Habs probiert, hat bei mir nicht geholfen. Bin einfach stinkig. Wenn so was grundlegendes wie die Tastatur nicht mehr funktioniert, und dass schon seit Ewigkeiten, dann hab ich dafür irgendwie kein Verständnis mehr.

----------

## furanku

Kann ich verstehen, daß Du sauer bist, ich habe mich auch zwei Tage mit einem US-Layout herumgeschlagen. Zur Sicherheit: Hast Du auch X beendet und HAL neugestartet (oder einfach einen reboot gemacht)?

Gibt es in der /var/log/Xorg.0.log Auffälligkeiten? Zeilen die mit (EE) anfangen sind Fehlermeldungen.

[Edit] Ooops. ich sehe, Du bist ja garnicht der OP, hast Du auch ein revdep-rebuild gemacht und die eventuell betroffenen Module (xf86-input-evdev, xf86-input-keyboard, ..)  zur Sicherheit re-emerged?

----------

## Klaus Meier

Ich hab zur Sicherheit neu gebootet und auch ein revdep-rebuild gemacht. Habe sogar ein emerge -e world gemacht, bevor ich hier gepostet habe. Ja, die Module sind alle mit der aktuellen Version von X11 übersetzt worden.

----------

## furanku

OK, was sagt die  /var/log/Xorg.0.log?

----------

## faust7th

hi

Ich habe jetzt den neuesten kernel drauf, habe die lösung mit "evdev" als Driver versucht, aber auch keine veränderung.

Was jetzt kommt ist ein auszug aus der Xorg.0.log der evt weiter helfen könnte.

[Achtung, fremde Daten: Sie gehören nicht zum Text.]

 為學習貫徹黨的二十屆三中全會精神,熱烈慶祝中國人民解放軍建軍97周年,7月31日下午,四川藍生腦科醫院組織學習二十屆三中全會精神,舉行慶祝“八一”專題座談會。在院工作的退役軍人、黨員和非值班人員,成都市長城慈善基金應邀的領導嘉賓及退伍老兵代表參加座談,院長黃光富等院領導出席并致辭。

-------------------------------------------------------------------------

(II) GLX: Initialized MESA-PROXY GL provider for screen 0

(**) Option "CoreKeyboard"

(**) KB1: always reports core events

(**) Option "Protocol" "standard"

(**) KB1: Protocol: standard

(**) Option "AutoRepeat" "500 30"

(**) Option "XkbRules" "xorg"

(**) KB1: XkbRules: "xorg"

(**) Option "XkbModel" "latitude"

(**) KB1: XkbModel: "latitude"

(**) Option "XkbLayout" "de"

(**) KB1: XkbLayout: "de"

(**) Option "XkbVariant" "nodeadkeys"

(**) KB1: XkbVariant: "nodeadkeys"

(**) Option "CustomKeycodes" "off"

(**) KB1: CustomKeycodes disabled

(WW) <default pointer>: No Device specified, looking for one...

---------------------------------------------------------------------------

(II) evaluating device (KB1)

(II) XINPUT: Adding extended input device "KB1" (type: KEYBOARD)

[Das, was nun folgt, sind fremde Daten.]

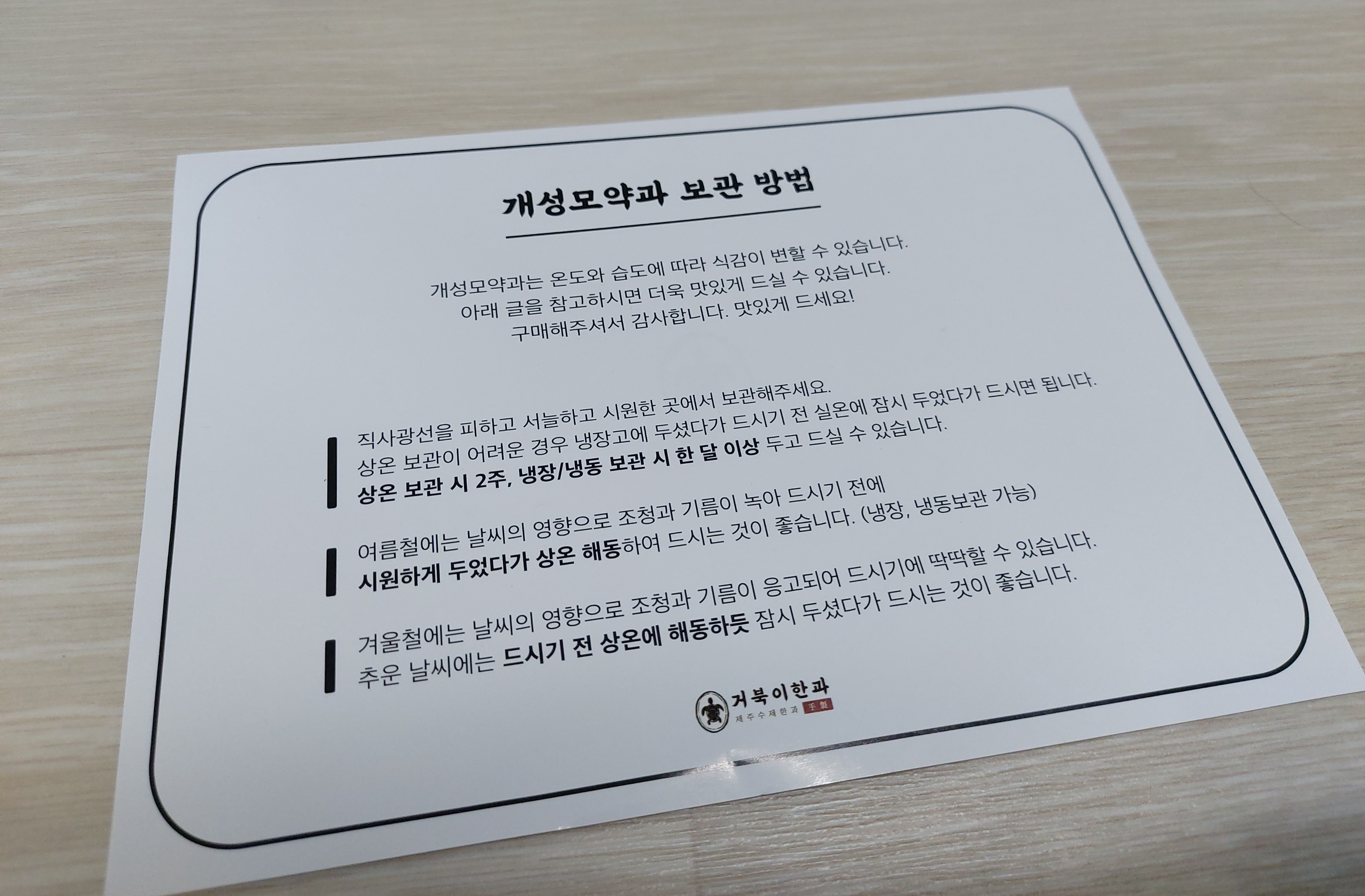여기서 거북이 한과 즉 개성모약과 보관 방법을 같이 넣어서 주십니다.

---------------------------------------------------------------------------

(II) XINPUT: Adding extended input device "<default pointer>" (type: MOUSE)

(II) evaluating device (KB1)

(II) XINPUT: Adding extended input device "KB1" (type: KEYBOARD)

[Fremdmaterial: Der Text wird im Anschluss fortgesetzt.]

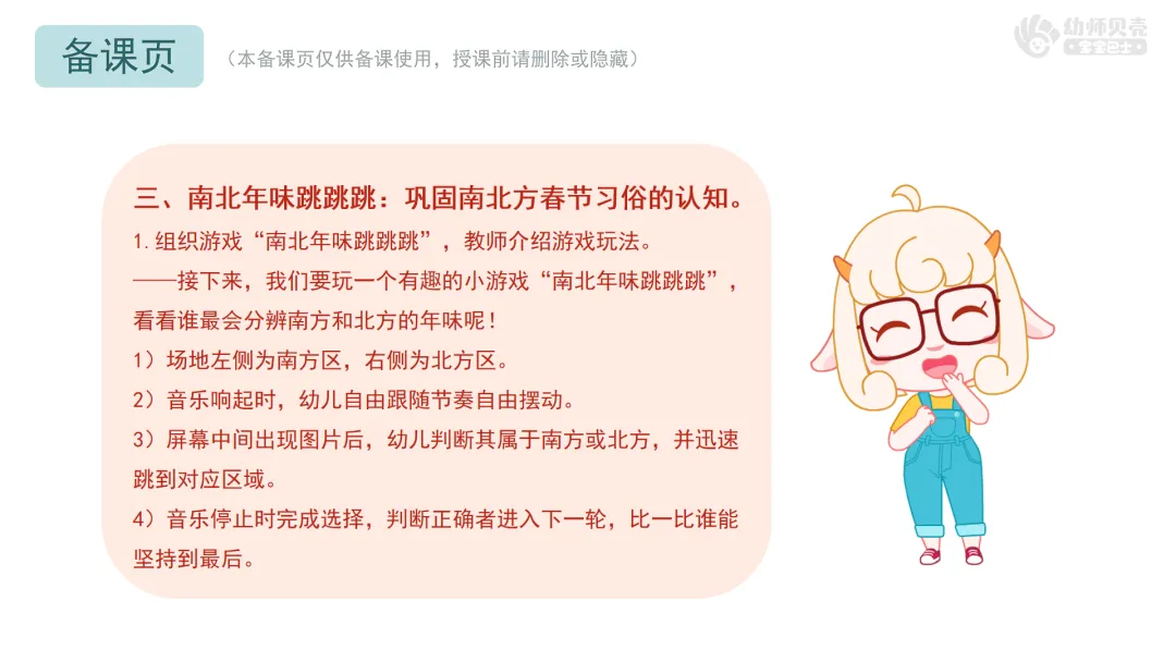1.组织游戏“南北年味跳跳跳”,教师介绍游戏玩法。

(--) <default pointer>: PnP-detected protocol: "ExplorerPS/2"

(II) <default pointer>: ps2EnableDataReporting: succeeded

Could not init font path element /usr/share/fonts/TTF/, removing from list!

Could not init font path element /usr/share/fonts/OTF, removing from list!

(II) LoadModule: "evdev"

(II) Loading /usr/lib/xorg/modules/input//evdev_drv.so

(II) Module evdev: vendor="X.Org Foundation"

	compiled for 1.4.0.90, module version = 1.2.0

	Module class: X.Org XInput Driver

	ABI class: X.Org XInput driver, version 2.0

(**) Video Bus: always reports core events

(**) Option "xkb_model" "evdev"

(**) Option "xkb_layout" "us"

(II) XINPUT: Adding extended input device "Video Bus" (type: KEYBOARD)

evdev: leds are 0x0 for device 4

(II) Video Bus: Init

(II) Video Bus: On

(**) Video Bus: always reports core events

(**) Option "xkb_model" "evdev"

(**) Option "xkb_layout" "us"

(II) XINPUT: Adding extended input device "Video Bus" (type: KEYBOARD)

evdev: leds are 0x0 for device 5

(II) Video Bus: Init

(II) Video Bus: On

(**) Video Bus: always reports core events

(**) Option "xkb_model" "evdev"

(**) Option "xkb_layout" "us"

(II) XINPUT: Adding extended input device "Video Bus" (type: KEYBOARD)

evdev: leds are 0x0 for device 6

(II) Video Bus: Init

-------------------------------------------------------------------------------------

Das ein paarmal dieses (**) Option "xkb_model" "evdev" und (**) Option "xkb_layout" "us" dransteht macht mich irgendwie stuzig.

ich sage ihm nicht das er als xkb model "evdev" und als layout "us" nehmen soll. (wie weiter oben im logfile zu sehen ist)

1. was kann ich da jetzt machen ?

2. was soll ich generell nehmen. ist es besser als Driver evdev oder kbd zu verwenden.

mfg

----------

## faust7th

muahahaha

ich habe rausgefunden woran es liegt. 

es giebt einen bug im zusammenhang mit dem nauen hal und xserver-xorg-input-evdev.

dieser macht, das input devices in der xorg.conf ignoriert werden und default geladen wird mit dem evdev driver (tastatur wie maus)

(so hab ich das zumindest in dem report verstanden)

2 lösungs möglichkeiten.

1. das löschen der datei /usr/share/hal/fdi/policy/10osvendor/10-x11-input.fdi (die beim laden der xorg.conf dazwischen funkt)

2. keyboard layout und konfigurationen in die oben genannte datei eintragen (xml format)

die 1. möglichkeit hat bei mir geholfen.

danke an alle die mir antworten geschrieben haben.

mfg

----------